Première bonne nouvelle pour les fans et la NBA, les deux joueurs chinois sont titulaires. Une aubaine pour la Grande Ligue, qui a senti le coup venir. En Chine, le match est diffusé sur dix-neuf chaînes de télévision, dont CCTV-5, la chaîne sportive nationale. De son côté, la NBA a organisé une soirée spéciale visionnage pour les fans, à Pékin. Parce que qui dit affrontement exceptionnel, dit dispositif à la hauteur.
Et comme à son habitude, David Stern ne s’est pas trompé. Sportivement, la Chine montre au monde entier que ses joueurs sont capables de briller. Yao Ming continue sa moisson, et envoie 28 points, 10 rebonds et 3 contres. Le tout, en inscrivant l’entièreté de ses 14 lancers-francs tentés. Qui a dit que les grands ne savaient pas tirer ? En face, Yi Jianlian livre aussi une prestation plus que solide. Le rookie boucle la rencontre avec 19 points, 9 rebonds et 2 interceptions. Pas mal pour un sixième match en NBA.
6 x CBA Champion Yi Jianlian announced his retirement
Between 150-200 million people in China watched his first game against Yao Ming in 2007. The 06 Super Bowl had about 93M viewers in the US & the 06 NBA Finals had an average of about 13M viewers.
pic.twitter.com/CK4QvUf9Ho
— Ballislife.com (@Ballislife) August 30, 2023
Mais malgré ces statistiques flatteuses et la victoire de Houston, ce ne sont probablement pas ces chiffres qui l’Histoire va retenir. Non, ce qui compte vraiment sera révélé un peu après la rencontre.
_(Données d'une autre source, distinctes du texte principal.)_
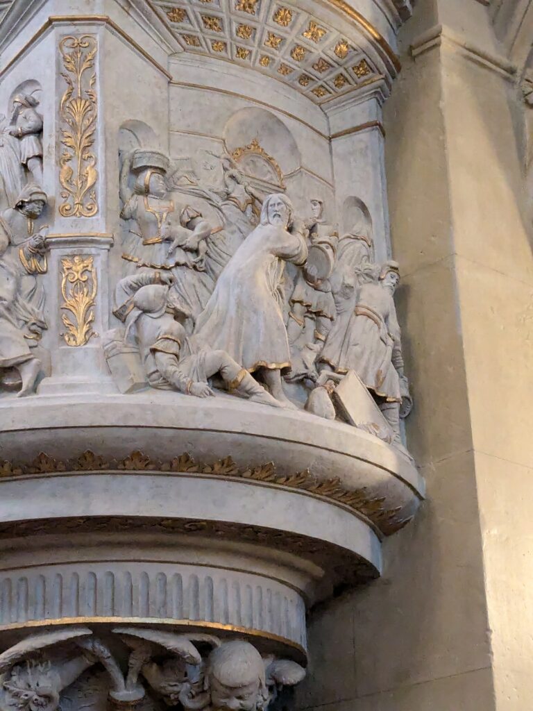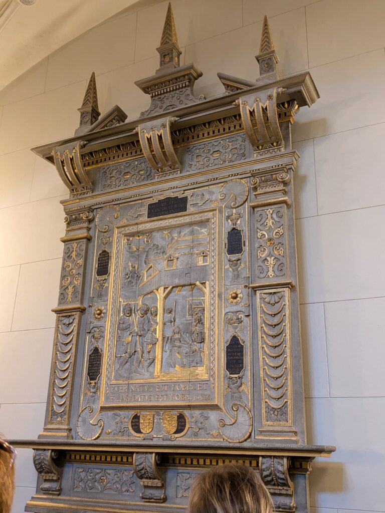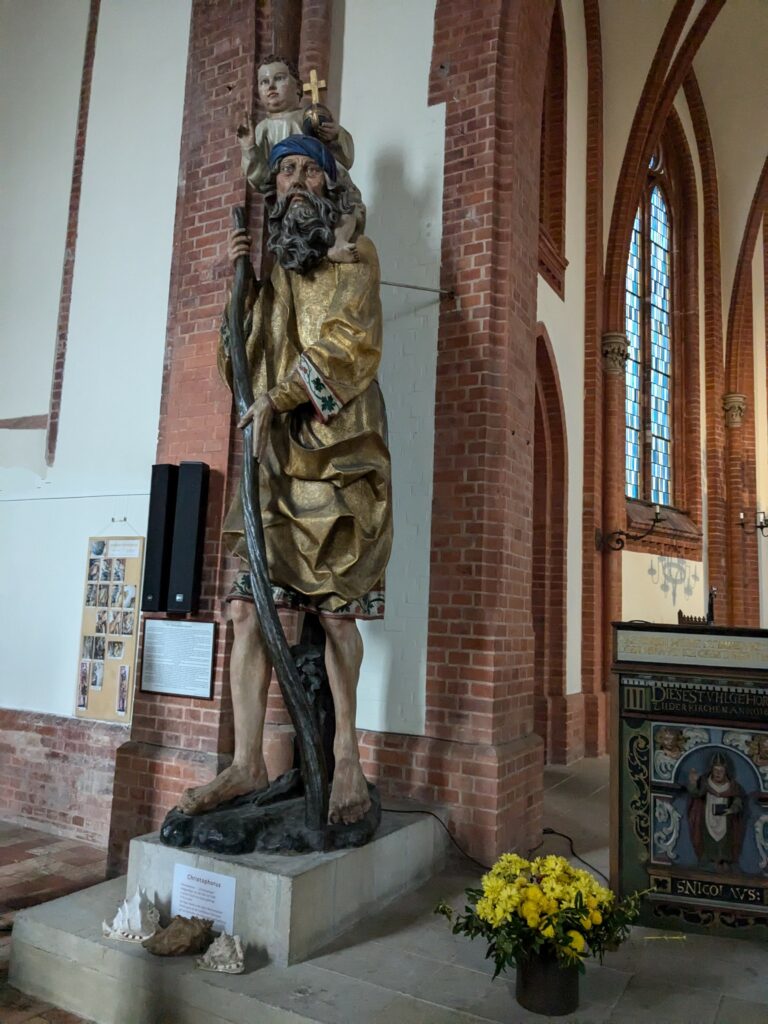 Über alles wacht ein 3,72m höher Christopherus. Nothelfer der Reisenden und Seefahrer. Um 1500 aus einem Stück Eiche geschnitzt.

Comme prévu, le match a cartonné. Au total ? Deux-cent millions de viewers sur l’ensemble des plateformes en Chine. Des chiffres complètement fous, mais à la hauteur de l’engouement. À titre de comparaison, la finale du Super Bowl 2024, programme le plus regardé de l’histoire de la télévision américaine, a rassemblé plus de cent-vingt millions de téléspectateurs constants sur les différents canaux. Une nouvelle preuve, s’il en fallait, que le basket est une institution dans l’Empire du Milieu.
Aujourd’hui, une quinzaine d’année plus tard, certaines choses ont changées. Si la Chine aime toujours autant le panier-ballon, le pays est un peu moins reluisant sportivement. On ne compte quasiment plus de joueurs chinois en NBA, excepté Kyle Anderson, naturalisé il y a un an, et Cui Yongxi, en two-way contract avec les Nets. Une période de creux, en attendant de voir, peut-être un jour, la prochaine superstar chinoise destinée à tout casser dans la plus grande ligue de basket au monde.